Case:The patient was a 65-year-old man who visited the previous doctor with complaints of photophobia in both eyes for several days. He was referred to our hospital with a diagnosis of branch retinal artery occlusion in both eyes. At the time of the visit, his best corrected visual acuity was 0.8 in the right eye and 1.2 in the left eye. Optical coherence tomography(OCT)showed edema in the inner retinal layer, and fluorescence fundus angiography showed multiple occlusive retinal vasculitis in the periphery of both eyes. At the same time, the patient experienced testicular pain, urinary retention, and plantar numbness, and was admitted for systemic examination to rule out the possibility of malignant disease. A computed tomography(CT)scan revealed enlarged lymph nodes, and a biopsy revealed diffuse large B-cell lymphoma, for which chemotherapy(R-CHOP therapy/methotrexate high-dose intrathecal injection)was initiated. During the treatment, the patient developed tetraplegia and slow breathing, and a head MRI showed multiple small infarcts in the cerebellum, parietal lobe, and medulla oblongata. A bedside fundus examination on the 9th day of hospitalization showed improvement of retinal edema, but on the 14th day of hospitalization, soft white spots appeared on the right fundus. The patient's level of consciousness decreased on the 15th day of hospitalization and he died on the 16th day.

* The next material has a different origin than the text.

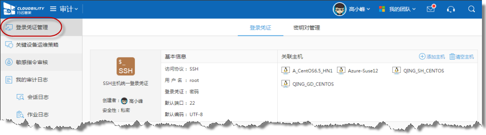 将原先位于团队设置中的“主机接入方式”,调整到安全审计功能模块中,重新命名为“登录凭证管理”,并取消登录凭证中关于公网和内网访问的限制,访问主机时可灵活选择公网IP或内网IP。

Conclusion:In this case, early systemic examination was performed suspecting the involvement of systemic diseases in addition to ocular inflammatory diseases, which led to the diagnosis of malignant lymphoma. Although the disease was life-threatening and the patient died from malignant lymphoma, it suggests the importance of early systemic examination considering the possibility of systemic malignant diseases when occlusive retinal vasculitis is observed in both eyes.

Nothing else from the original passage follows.